The ICOMIA Marinas Group (IMG) has developed a policy on marina lease tenures, which can be downloaded for free from the ICOMIA Library at https://icomia.org/icomia-library
Administrative burden and constraints
Marina leases and concessions typically allocate all of the risks of operation, health and safety, environmental compliance and insurance risk to the marina investor/operator. At the same time, there is a tendency to incorporate within lease documents administrative burdens and constraints to give the government landlord some ‘control’ over the marina operator. These reporting and approval processes are largely redundant due to the risk allocation and impose an administrative burden and cost on both the marina operator and the government landlord.
These circumstances are more favourably dealt with by preparing a schedule of reporting criteria and exception reporting so that key information and advice is given as required. Government landlords can take further comfort from the marina’s participation in industry accreditation programmes relating to operating standards and environmental compliance as outlined below.
Performance criteria
Leases and concessions by their very nature set minimum performance criteria and sanctions for failing to meet these criteria. This again is an area where the typical lease/concession legal instrument falls short on delivering the legal framework required to incentivise the pursuit of excellence in the development, operation and re-investment in marina infrastructure. The incorporation of criteria within marina leases or concessions that reward measurable performance or outcomes is in the benefit of all stakeholders.

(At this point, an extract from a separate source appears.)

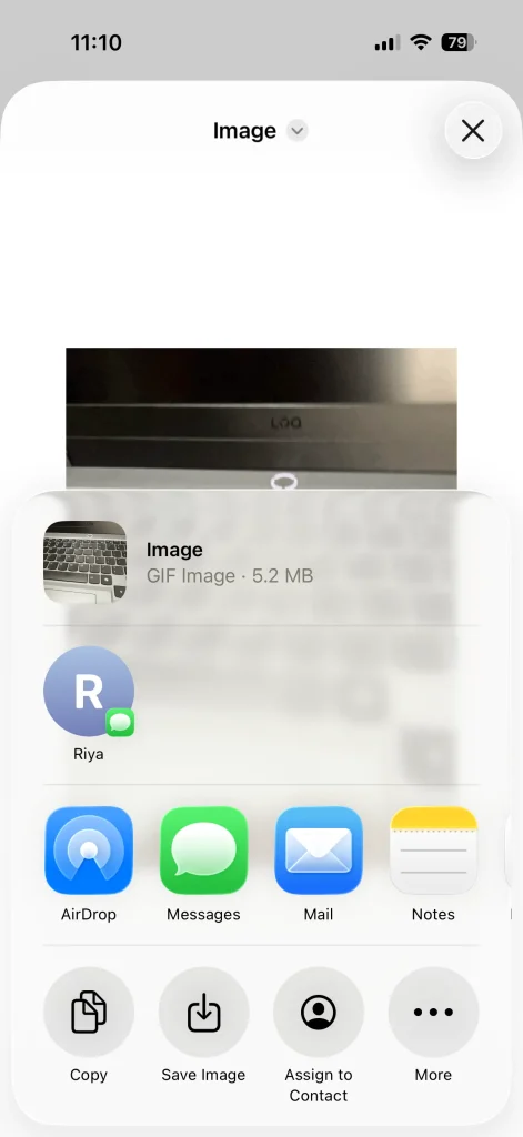 الآن، انتقل إلى علامة التبويب Library، وانقر فوق Convert Burst to GIF، وحدد الصورة المتتالية التي تريد استخدامها. في غضون ثوانٍ، ستكون صورة GIF المتحركة جاهزة. يمكنك بعد ذلك النقر فوق رمز المشاركة لإرسالها مباشرةً أو حفظها في تطبيق الصور أو الملفات.

Examples of these performance criteria could include:
• ISO or National Marina Standards
• Maintenance of service and infrastructure standards as measured by the Global Gold Anchor programme
• Maintenance of environmental outcomes as measured by the International Clean Marina programme
• Performance against other criteria specific to a particular marina, which might include boating public access to services and facilities at the marina, an example of which is the Sydney Harbour Destinations Plan in Australia [https://www.rms.nsw.gov.au/maritime/using-waterways/boating-destinations-plan/index.html]
The incorporation of these positive incentives within marina leases for the maintenance of standards for infrastructure and public outcomes is far more effective than minimum standards and sanctions in delivering positive community outcomes in the long term.

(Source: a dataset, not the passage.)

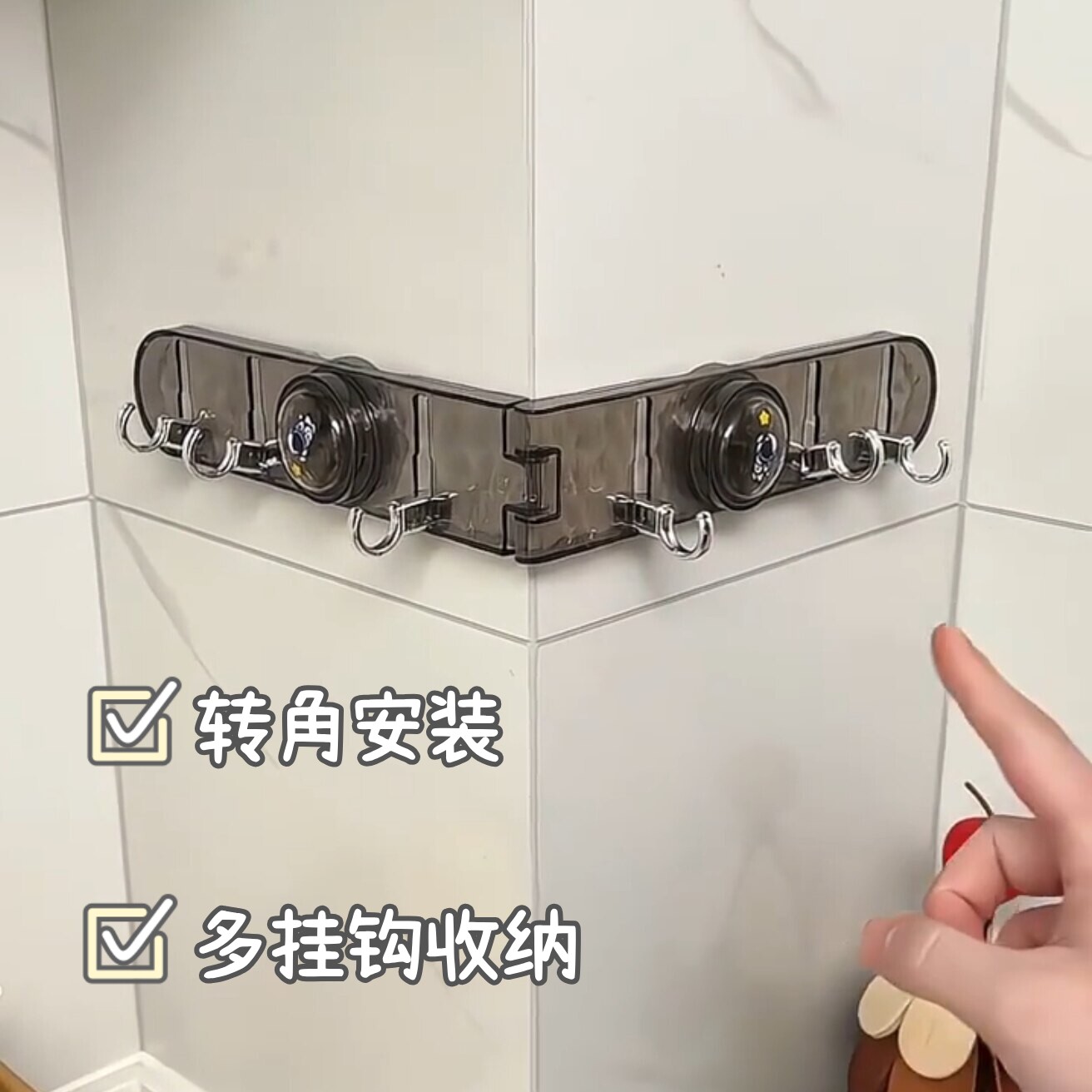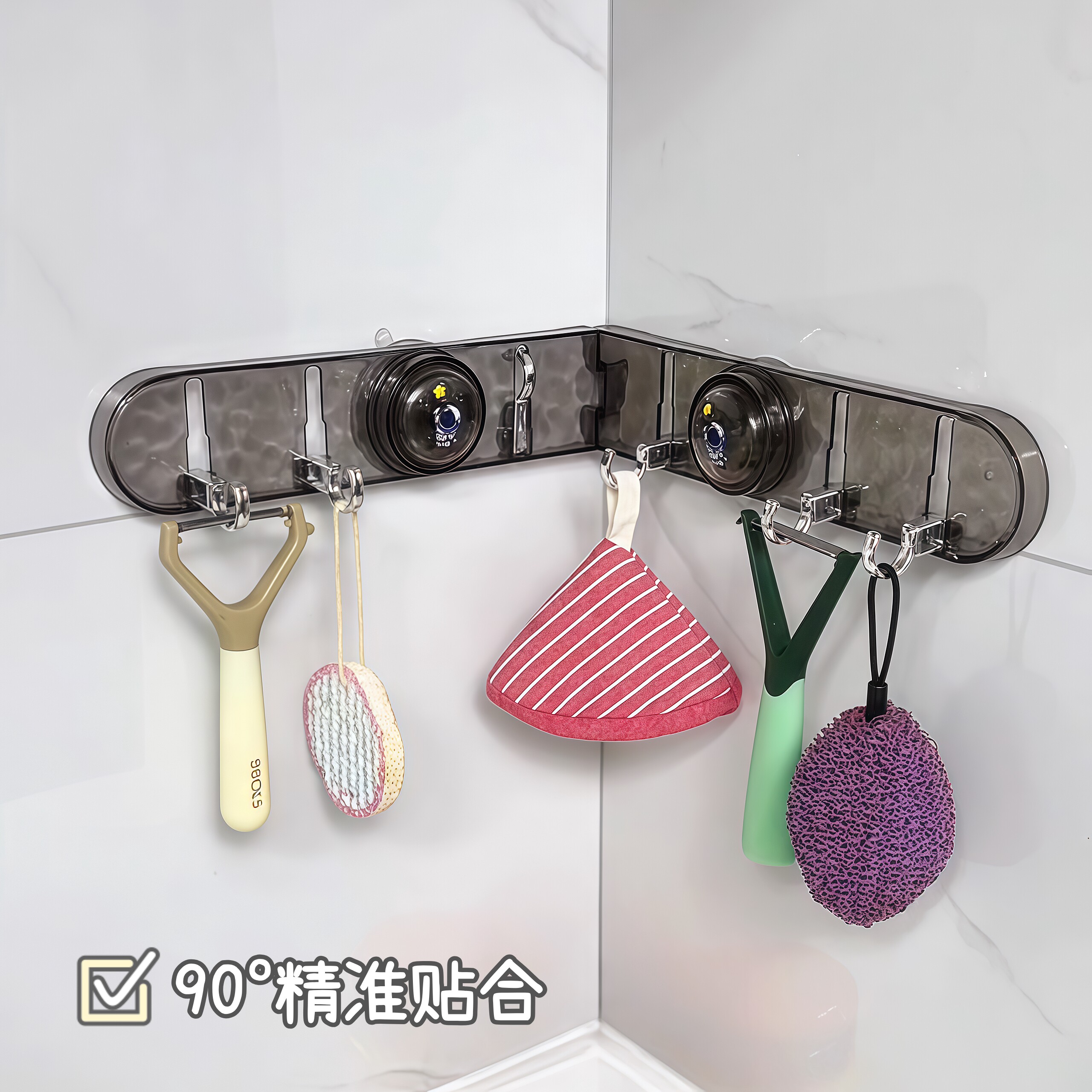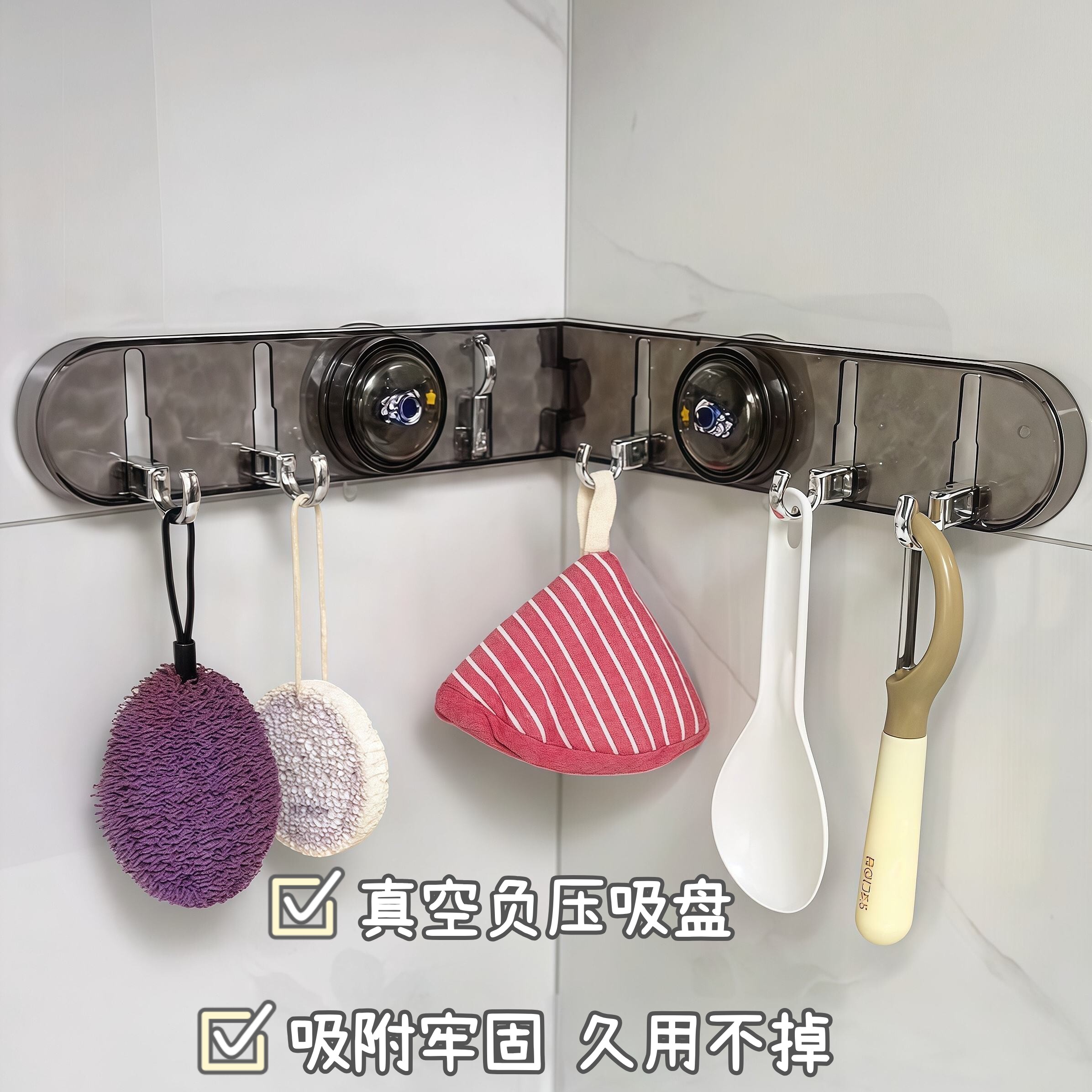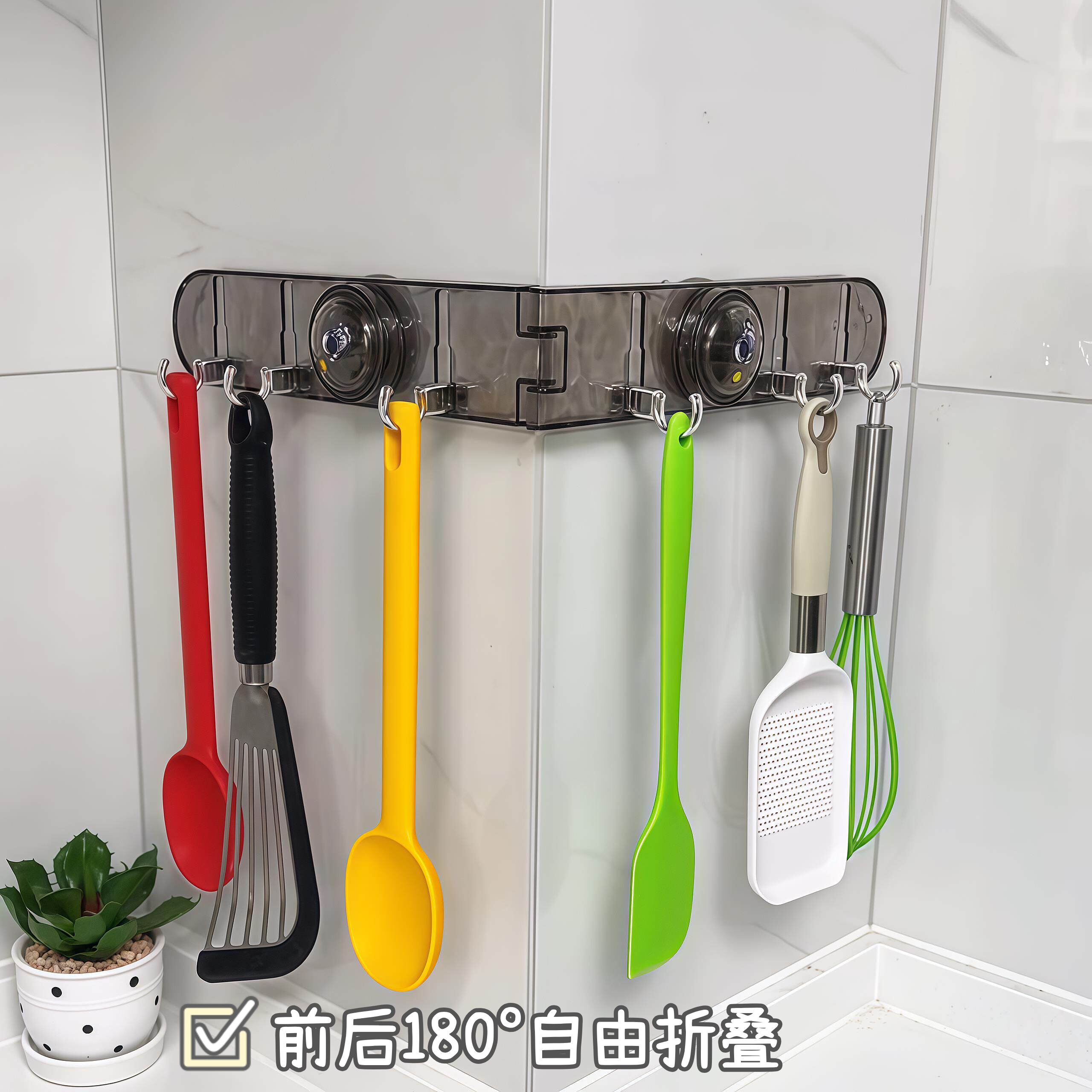 厨房转角吸盘联排挂钩免打孔强力承重无痕粘钩可折叠墙面厨具挂架

Marina lease/concession frameworks that incorporate the principles of sustainable occupancy costs for rents, provide long lease terms with renewability for re-investment or meeting performance criteria and adopt administrative terms that are not a burden to the landlord or lessee provide the framework for the delivery and operation of long term high quality and valuable marina infrastructure. They incentivise ongoing improvement and the pursuit of excellence. They promote competition based on quality of services and infrastructure, not just price. They create tourism attractions for towns and regions with commensurate economic activity and employment and they support an industry whose sole purpose is the enrichment of people’s lives through access to all forms of recreational boating. Our industry must clearly articulate this message. The benefits to the community and a proactive and long term vision from government policy makers will be in the best interests of their constituents. In some respects, it requires a change of mindset from industry and government alike, to adopt a proactive and collaborative approach where both parties can meet or exceed their expectations and where the ultimate beneficiary is the broader community.